Parmi les tests utilisés, on entend souvent parler du test Elisa en première intention, et du Western Blot ensuite. Les spécialistes sont formels : si un test Elisa est positif, il est positif ; mais s'il est négatif, cela ne veut rien dire. Quant au Western Blot en deuxième intention, là encore, pas de certitude. Comme on peut le lire sur le site de l'Association France Lyme, tous ne se valent pas : « Pour une sérologie pour la borréliose de Lyme, demandez au médecin généraliste une ordonnance : « Analyse de sang, sérologie de Lyme avec Elisa et Western Blot (WB) ALL DIAG de MIKROGEN ». Il y a une différence majeure entre le Western Blot commun et de marque commerciale MIKROGEN. Le WB commun est basé sur une souche de borrélia américaine, alors que le WB de marque commerciale MIKROGEN est basé sur plusieurs souches de borrélia européennes, donc mieux adapté en Europe. » Pour les animaux – eux aussi exposés à la maladie de Lyme – les vétérinaires utilisent des tests PCR qui seraient plus fiables. On en arrive à des situations inédites, comme cette femme qui explique à Paris Match avoir fait passer son analyse de sang pour celle de son chien afin de pouvoir bénéficier d'un test PCR.

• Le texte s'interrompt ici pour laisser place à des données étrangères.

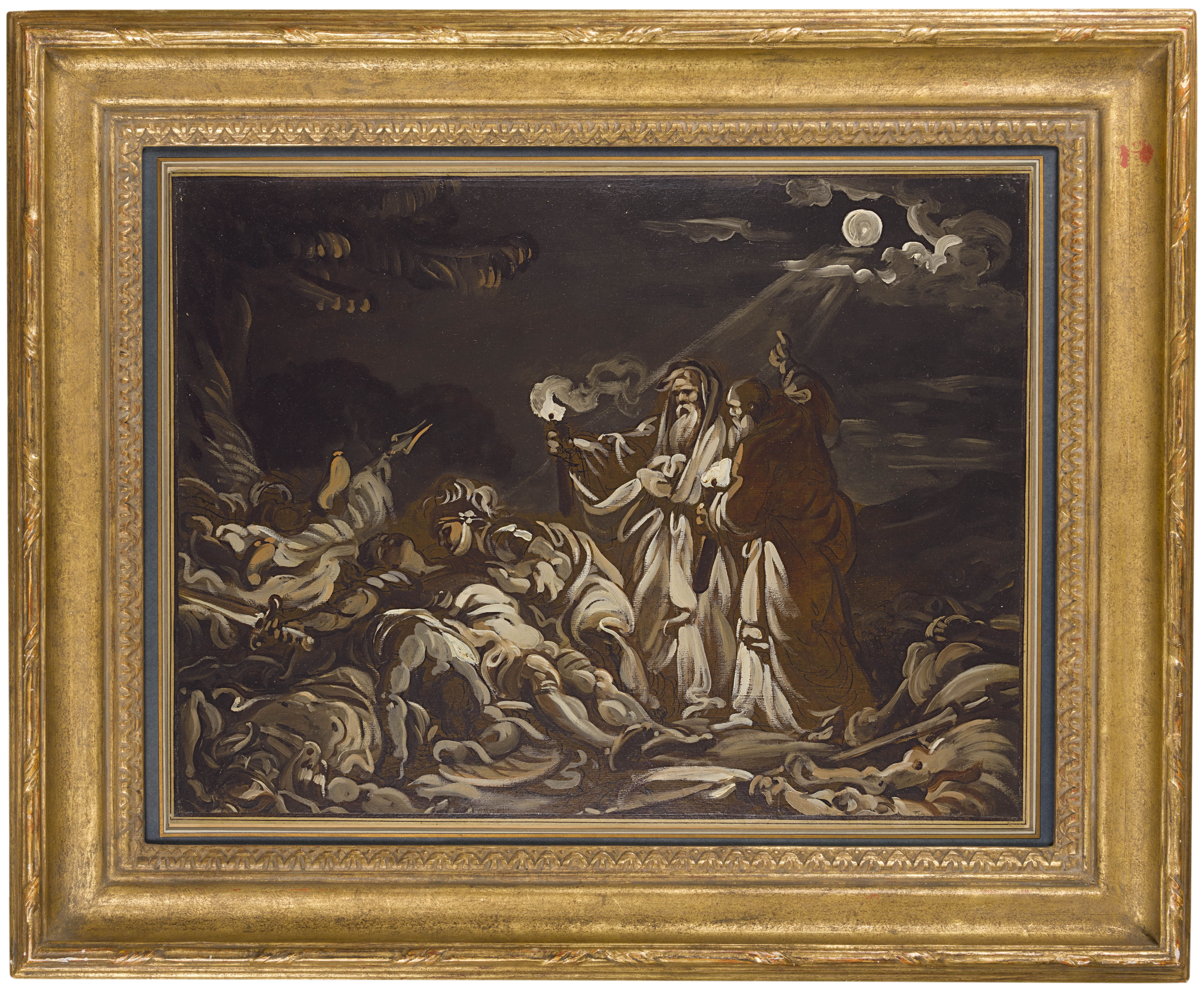 The attribution of this oil sketch, previously given to Jean-Baptiste Deshays (1729-1765) is due to Alastair Laing. The free handling of the paint in this nocturnal scene finds parallels in a number of coloured oil sketches by Berthelémy, such as the Queen Tomyris Dipping the Head of Cyrus into a Basin of Blood in the Musée des Beaux-Arts in Nîmes, which is a study for a large painting of 1766 in the same collection. Laing also notes some stylistic comparisons with two freely executed oil sketches of Apollo and Sarpedon5, both of which are preparatory for a painting that was Berthelémy’s morceau de reception for the Academie Royale in 1781, today in the Musée Saint-Didier in Langres, as well as with a sketch 'en camaïeu brun' of The Nurse of Nero Pouring his Ashes into the Tomb of his Ancestors, which was on the art market in 1985-1986.
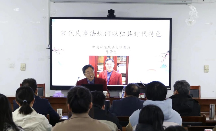 陈景良以《宋代民事法规何以独具时代特色》为题,从传世文献、判例等资料入手,用风趣幽默的语言、丰富多彩的事例,深刻阐释了宋代民事法规的最大特色即立法形式多样、内容丰富多彩,分析了形成这些时代特色的历史原因,提出了“无论是西方还是中国,法律都源于(社会)生活,权利皆长于(历史)实践”的论断。报告结束后,他还分别就古代律典蕴含的诉讼精神、古代民事法规的学理解释及其当代意义、知识—理论—方法“三结合”的学术路径和程政举教授、陈鹏飞教授进行了交流。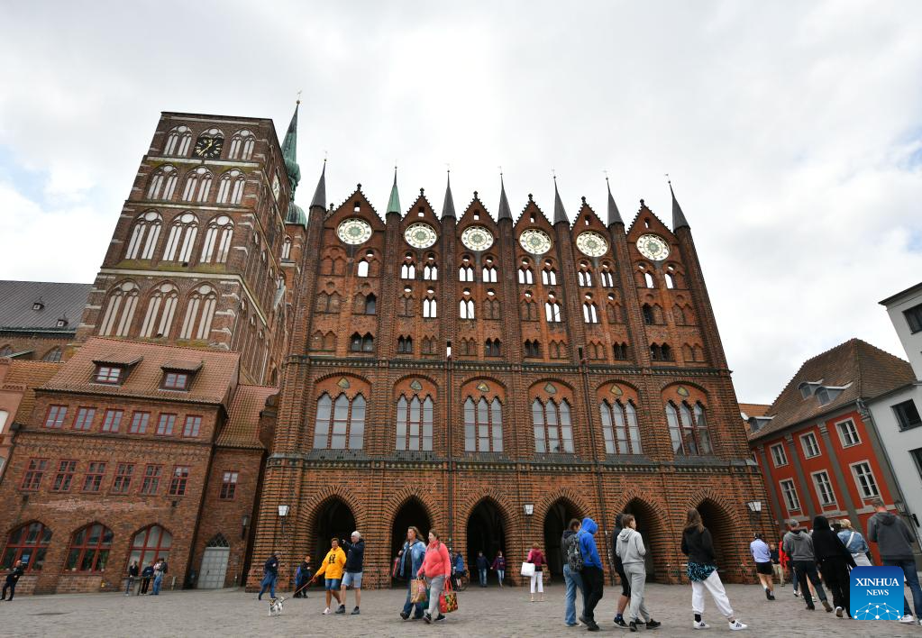 This photo taken on June 1, 2023 shows the town hall of Stralsund, northeastern Germany. (Xinhua/Ren Pengfei)

Un mot sur le Pr Christian Perronne : auteur d'ouvrages sur le sujet, il reste le grand spécialiste de la maladie de Lyme. Il est démis en 2020 de son titre de chef du service des maladies infectieuses et tropicales du CHU Raymond Poincaré, pour avoir « tenu des propos considérés comme indignes de la fonction qu'il exerce ». Il avait remis en question la politique gouvernementale en matière de Covid.
Enfin, reste le cœur du débat qui fait rage depuis des décennies en France : la maladie de Lyme est-elle une maladie chronique ?
À l'heure actuelle, elle n'est pas reconnue comme telle, au grand dam des milliers de malades qui souffrent de multiples symptômes : fatigue, douleurs chroniques, troubles de la mémoire et de la concentration, voire – dans les formes les plus graves – paralysie faciale, encéphalite, névralgie… D'un côté, il y a les patients, défendus par les associations, affirmant que c'est une maladie chronique et qu'il faut considérer comme telle. Pour d'autres, ces symptômes ne sont pas caractéristiques et pourraient révéler tout autant une polyarthrite rhumatoïde ou une fibromyalgie. En février 2025, la Haute Autorité de santé a actualisé ses recommandations, espérant peut-être réconcilier les parties, mais semant un peu plus le trouble. En effet, dans le texte, on n'y parle toujours pas de maladie chronique, mais on reconnaît l'existence d'un « syndrome post-borréliose de Lyme traitée » ou « PTLDS » (post-treatment Lyme disease syndrome en anglais). Cherchez la différence.